Pavel Datsyuk, DET (projected 25-point drop) The loss of some key scorers and significant injuries to key Red Wings forwards has affected the Russian’s output this season. Remember that the Wings can still ice a top line of Datsyuk, Henrik Zetterberg, and Johan Franzen, so Datsyuk should be in for an improvement next season. Ninety points may be out of the question, given Wings coach Mike Babcock’s switch to a more-defensive system centered around the goaltending of Jimmy Howard.
Ryan Getzlaf, ANA (projected 22-point drop) Getzlaf has not produced as the first-round pick he was chosen as in many fantasy drafts. The high ankle sprain appears to almost surely end his season, but the numbers had declined well before the injury, even though playing through the injury likely also affected his production. Getzlaf has fallen across the board, with a 42 fewer penalty minutes, 78 fewer shots on goal, and 15 fewer power-play points. Also keep in mind in next year’s drafts that Getzlaf has never scored more than 25 goals in a season.
Some other interesting facts:
Here’s something to throw into to the debate over who deserves the Hart Trophy. Even though Alex Ovechkin has missed ten games this season due to injury and suspension, he has played two more minutes per game than Henrik Sedin. Do the math to determine total minutes, and Sedin will have played only 30 more minutes (about 1 ½ more games) than Ovechkin this season. However, Ovechkin far and away has the edge in points per game (1.51 to 1.34), as well as the league lead in shots on goal (360). Interestingly enough, Daniel Sedin is third with 1.31 points per game. Makes you wonder what kind of season Daniel would have had if he hadn’t been injured for 19 games.
Ovechkin’s rival Sidney Crosby, however, is far and away the league champ in faceoffs with 958 faceoffs won. Mikko Koivu, who has the second-highest total, is over 100 faceoffs behind.

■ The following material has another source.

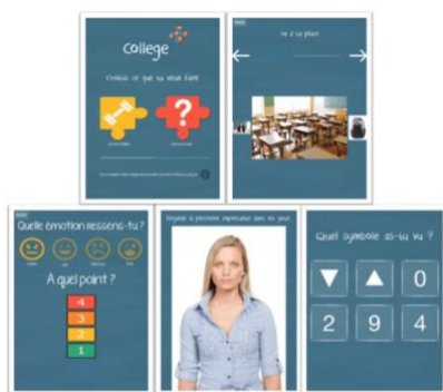
Figure 2 – Illustration des services de l'assistant Collège+

Après une conception participative et une inspection ergonomique (Fage et al., 2016), l'assistant Collège+ sur tablette (Fig.2), visant l'apprentissage des comportements socio-adaptatifs scolaires auprès d'enfants avec Troubles du Spectre Autistiques (TSA) a fait l'objet d'une étude terrain en aveugle auprès de 56 élèves collégiens avec : un groupe TSA équipé, un groupe contrôle TSA non équipé et un groupe équipé avec déficience intellectuelle.

Steve Downie has been well-noted for his 206 penalty minutes this season. However, he may not be known for his shot, which happens to be very accurate. Downie led all forwards who played a minimum of 60 games with a shooting percentage of 19.6%.
As expected, Ovechkin leads all forwards with a +44 ranking this season. On the other end of the scale is Patrick O’Sullivan, who sunk whichever fantasy owners hung on all season with a (-36) ranking. Hopefully you didn’t have Rod Brind’Amour on your team for any length of time, as the former Selke Trophy winner was a brutal (-28). One has to wonder why Brindy, who is a (-51) over the past two seasons, doesn’t just retire already.